La decisión estaba tomada. Intentaría establecer un diálogo con la obra. ¿Por dónde habría de empezar? Al principio, había tenido la impresión de estar ante una estructura trágica, en la que una mujer cometía un error que le condenaba; esa imagen marcaba un camino. ¿No era muy reduccionista? Otro día se me apareció como el relato de una redención, la idea de liberación emergía constantemente en mis anotaciones. En todo caso, era el momento culminante, la muerte de Mary a manos de Moses, aquel estoico criado, lo que revoloteaba en mi cabeza. La clave estaba en entender esa escena. ¿O no? ¿Iba en la dirección correcta? ¿O esa idea era producto de la influencia de otras lecturas (discursos, discusiones) que terminaban haciéndome ver algo forzando las cosas? Si mi “interpretación” era válida, ¿cómo convenía enfrentar el ejercicio de diálogo con el texto para explorarla?

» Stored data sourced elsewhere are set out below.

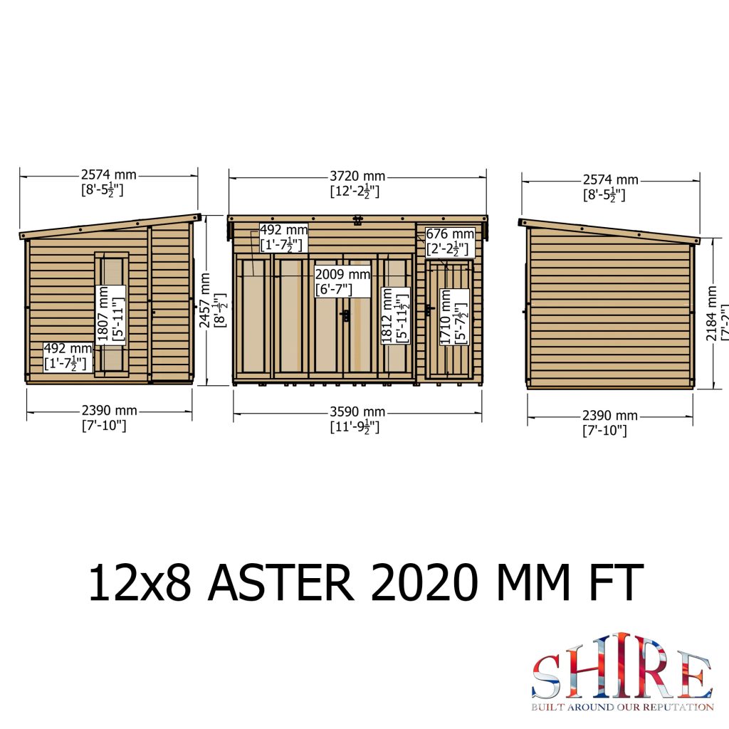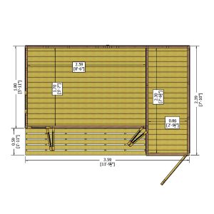 A contemporary summerhouse featuring folding doors across the front of the building (4 of the 6 front panels open). To compliment the fully glazed front there are two opening side windows. It is constructed on strong 44mm square framing and clad with planed Shiplap tongue and groove boards made only from the highest grade, slow grown, FSC approved northern European pine. The Summerhouse is supplied with a dip treated base coat preservative ready for you to top coat immediately after installation. The window and doors are joinery made quality and of a storm resistant design. (Imperial dimensions are approximate to the nearest foot, please refer to the exact metric dimensions in the data given) Allowance should be made for the roof overhang and access for painting and during installation.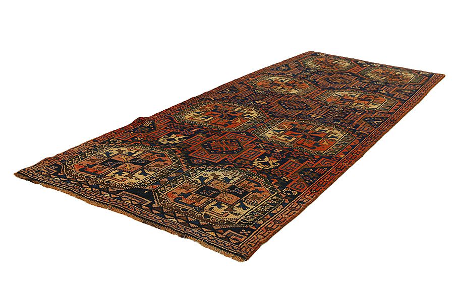 Bokhara Carpets : The Bokhara carpets are woven in Belutchistan and in different regions of Uzbekistan, Turkmenistan and Afghanistan. Turkmen carpets include Basjir, Salor, Tekke-Bochara, Jolam-Bocharaband, Ersari, Tjaudor and Yomut which are examples of the carpet style called Bokhara. Some areas of Turkmenistan where carpets are woven are Ashkabad, Bakharden, Geok-Tepe, Kizyl-Arvat and Merv. The deep red and the whole range of red from purple to brown are the dominant colors with repeating octagons, rhombi, yomut motifs being characteristic of these carpets. The warp of the carpets is always wool.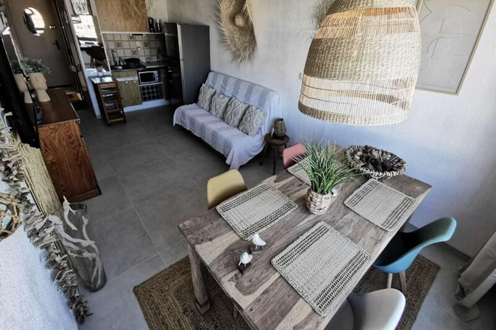 Med utsikt över den fridfulla marinan erbjuder denna charmiga tvårumslägenhet en härlig tillflyktsort för upp till fyra gäster. Med sitt västläge kan du njuta av den nedgående solens gyllene nyanser medan du varvar ner i ditt eget privata utrymme. Den lugna atmosfären i marinan, i kombination med den milda havsbrisen, skapar den perfekta bakgrunden för en avkopplande semester. Oavsett om du planerar en romantisk resa eller en liten familjesemester, lovar denna lägenhet en mysig och minnesvärd vistelse. Inuti är lägenheten noggrant utformad för att maximera komfort och funktionalitet. Vardagsrummet har en bekväm bäddsoffa för två personer, medan det separata sovrummet erbjuder en plyschig dubbelsäng för vilsamma nätter. Det välutrustade köket har en elektrisk spishäll, miniugn, mikrovågsugn, kyl-frys och till och med en tvättmaskin, vilket garanterar alla bekvämligheter i ett hem. Med luftkonditionering och en TV kommer din vistelse att vara lika bekväm som den är trevlig. Den 38 m² stora ytan är perfekt lämpad för en avkopplande semester vid havet. Lägenheten ligger bara 600 meter från stranden och bara 200 meter från stadens centrum och erbjuder det bästa av två världar: enkel tillgång till sandstränder och ett pulserande lokalt liv. Njut av lugna promenader längs marinan, utforska charmiga butiker eller njut av utsökt regional mat på närliggande restauranger. För extra bekvämlighet inkluderar fastigheten en privat, bevakad parkeringsplats, vilket garanterar sinnesro under hela din vistelse. Oavsett om du dras av Medelhavets lockelse eller marinans charm, är denna lägenhet din port till en oförglömlig semesterupplevelse. Låt kustens skönhet och komforten i denna inbjudande oas skapa bestående minnen för dig och dina nära och kära.
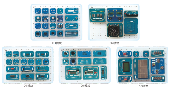 本設(shè)備是將實(shí)際應(yīng)用中單元電路模塊化。學(xué)生通過(guò)模塊間的搭接,很方便就能搭建成各種實(shí)際產(chǎn)品,模塊搭成產(chǎn)品的范圍涉及家電,工業(yè),無(wú)線等方面內(nèi)容。單元模塊電路包括傳感器,信號(hào)處理,顯示,執(zhí)行本體,接口電路,微處理器等模塊。模塊都采用透明盒裝配,模塊間采用排插和接線柱連接,使實(shí)訓(xùn)模塊能夠靈活按教學(xué)要求或競(jìng)賽要求搭建成各種實(shí)際產(chǎn)品。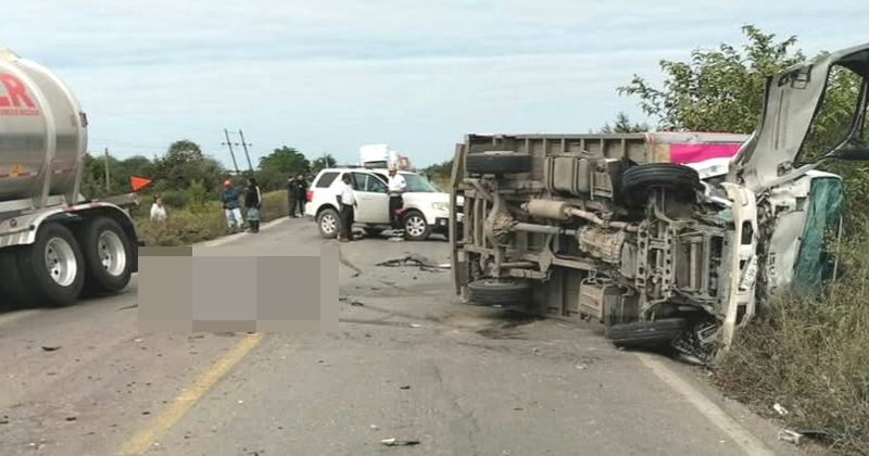 VERACRUZ, VER.- Un fallecido y cuantiosos daños materiales, fue el saldo de fuerte choque entre tres unidades, ocurrido en la carretera Tampico-Valles, en Cacalilao, Veracruz.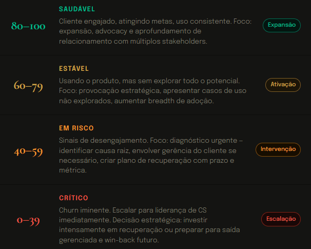 Um health score só funciona operacionalmente se cada faixa estiver associada a um comportamento claro do time. Não uma sugestão – um protocolo. Veja como estruturar:

La respuesta me la dio la propia Lessing. Entusiasmado por Canta la hierba, me había decidido a invertir en El cuaderno dorado, y aunque opté no leerlo hasta que hubiese terminado este ejercicio de exploración, sí leí el prefacio, escrito por Lessing en 1971, a diez años de la publicación original de esa novela. Ahí narra que, “como cualquier otro escritor” suele recibir cartas de jóvenes que, como parte de la elaboración de una tesis o investigación, la cuestionan sobre el sentido o la intención de sus obras. Y escribe:
Estas peticiones las contesto de la siguiente forma: «Querido estudiante: Está usted loco. ¿Para qué gastar meses y años escribiendo miles de palabras acerca de un libro, o hasta sobre un autor, cuando hay cientos de libros que esperan ser leídos? ¿No se da cuenta que es víctima de un sistema pernicioso? Y si usted ha escogido por su cuenta mi obra como tema y si usted tiene que escribir una tesis –y créame que le estoy muy agradecida que lo que he escrito lo haya encontrado usted útil–, entonces ¿por qué no lee lo que he escrito y se hace una idea propia acerca de lo que usted piensa, cotejándolo con su propia vida, con su propia experiencia? ¡Olvídese de los profesores Blanco y Negro!».
No sólo me respondía… ¡me daba un empujón en la dirección que el ejercicio mismo había sido propuesto por mis profesores! De tanto pensarme cómo enfrentarlo, había yo perdido de vista algo tan evidente, que de nuevo la misma Lessing me recordaba en ese prefacio:
[…] no solamente resulta infantil que un escritor persiga que los lectores vean lo que él ve, y que entiendan la estructura y la intención de una novela como él las ve. Que el autor desee esto demuestra que no ha entendido el punto más fundamental: a saber, que el libro está vivo y es poderoso, fructificador y capaz de promover el pensamiento y la discusión solamente cuando su forma, intencionalidad y plan no se comprenden, debido a que el momento de captar la forma, la intencionalidad y el plan coincide con el momento en que no queda ya nada por extraer.
Convencido de ello, sólo era cuestión de armar el rompecabezas. Las piezas estaban sobre la mesa.
El resto del ejercicio fue simplemente mi humilde intento por darles algún orden.